Nice article about lacrosse goalie Michael Gerbush ’09. Read the whole thing but note this section on admissions.

Lacking prep success and with a 5-foot-8 frame, Gerbush didn’t get a lot of attention on the recruiting trail. But McCormack received a tip that there was a kid on the Island who was taking his lumps, but could contribute at the collegiate level. The fact that he could get into Williams on his academics alone certainly did not hurt.

“I got a phone call from a coach who said there is a really good goalie. If you saw him in person, you might not think much of him because he’s a little guy, but you should take a look at him,” said McCormack. “So he didn’t come in with a lot of [hype], but once he got here, we were really impressed with him. And we certainly felt as though, with his consistency and demeanor of being calm and cool regardless of the situation, he was someone who could lead us to more victories than losses.”

Comments:

1) Smart observers do not trust completely a coach’s claim about who could have gotten into Williams on “academics alone,” but, with a double major in computer science and physics, it is almost impossible to believe that Gerbush is a “tip” or even a “protect.” (Useful background on terminology in this thread.)

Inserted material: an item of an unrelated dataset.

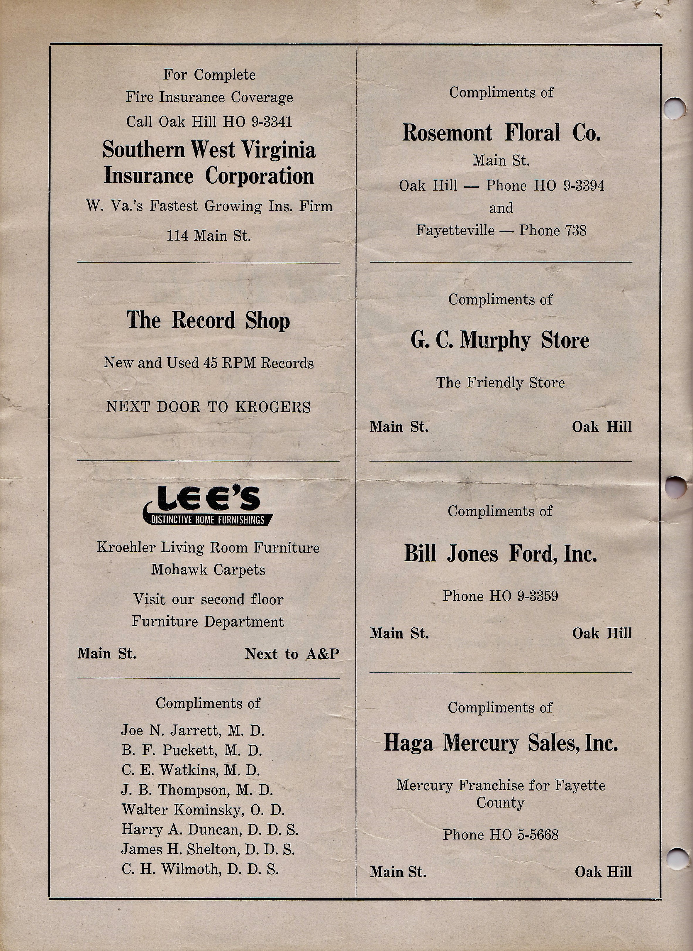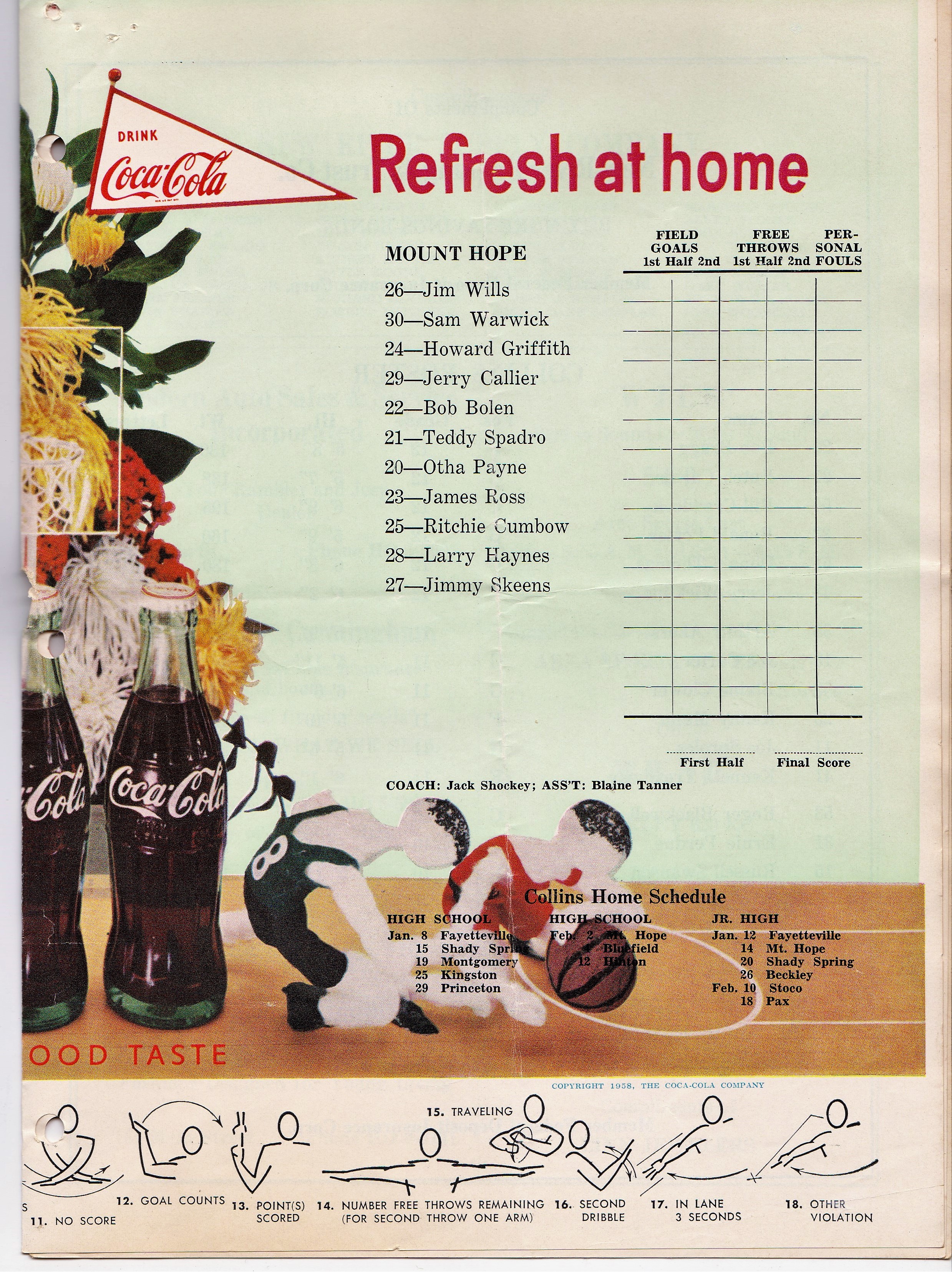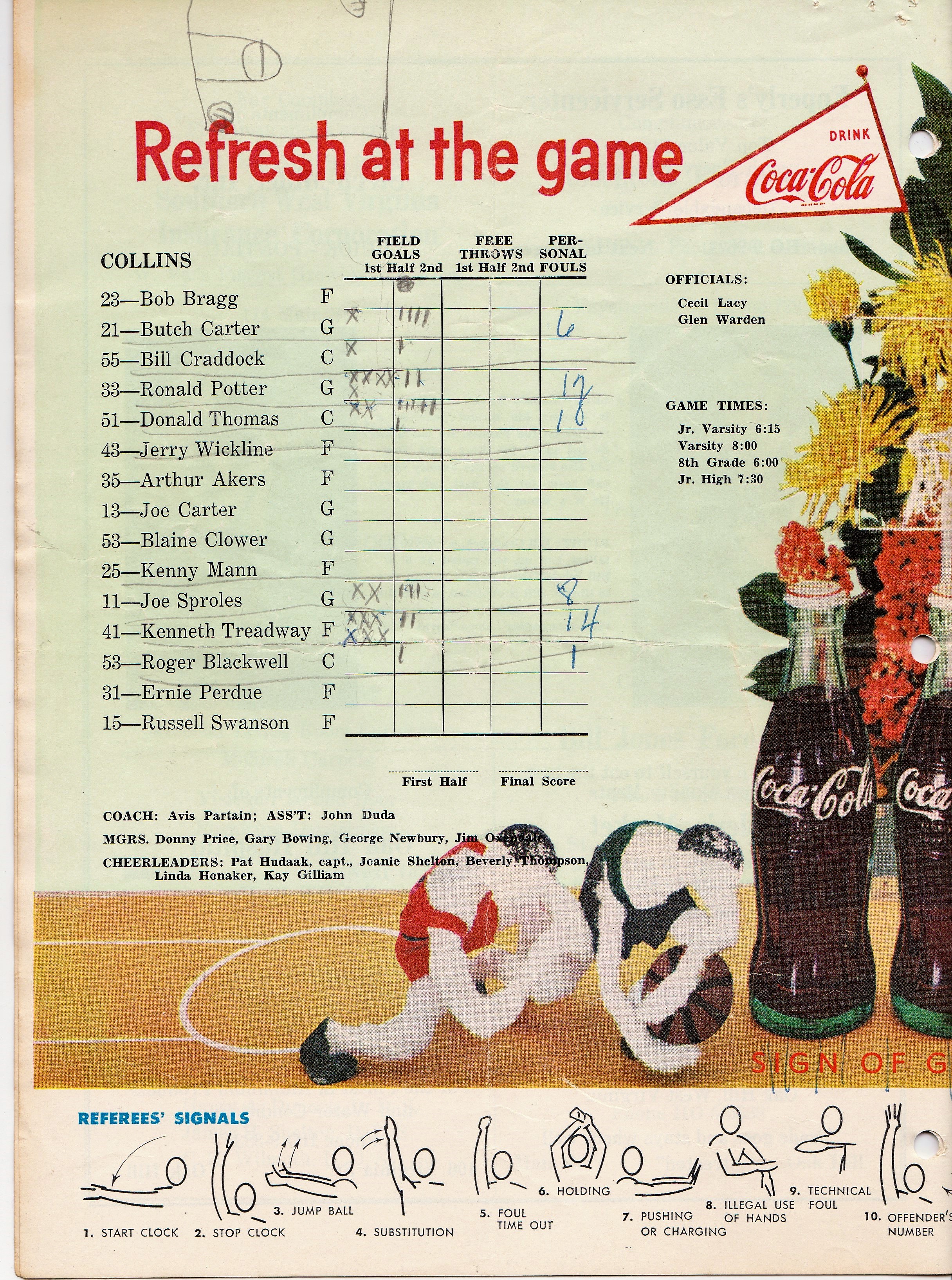 I realized that the binder in question was Dad’s as it is filled with sports programs from VA Tech, WVU and Oak Hill (WV) High School. These must have been his more prized programs, maybe by date or sentimental memory. The two programs covered in this particular blog are for the 1960 basketball season of the Collins “Red Devils”. Both programs are for Collins home games.

2) Note the second order effects that Morty’s increase in admissions standards for athletes has on the process. In the old days, the unnamed high school coach might never have mentioned Gerbush to men’s lacrosse coach George McCormack. Why bother when McCormack is just going to use his large number of tips and extensive leeway to just find the best possible goalie, without worrying too much about high school academics? But McCormack no longer has as much freedom as he did in the pre-Morty era. He has fewer tips/protects and the standards for them are higher. So, he is desperate to find at least a few players who don’t require admissions help. The tipster knows this (and, I assume that McCormack tells everyone what he is looking for, like any good college coach) and so mentions Gerbush. Presto! Williams now has one more varsity athlete with academic credentials in the mainstream of the rest of the student body.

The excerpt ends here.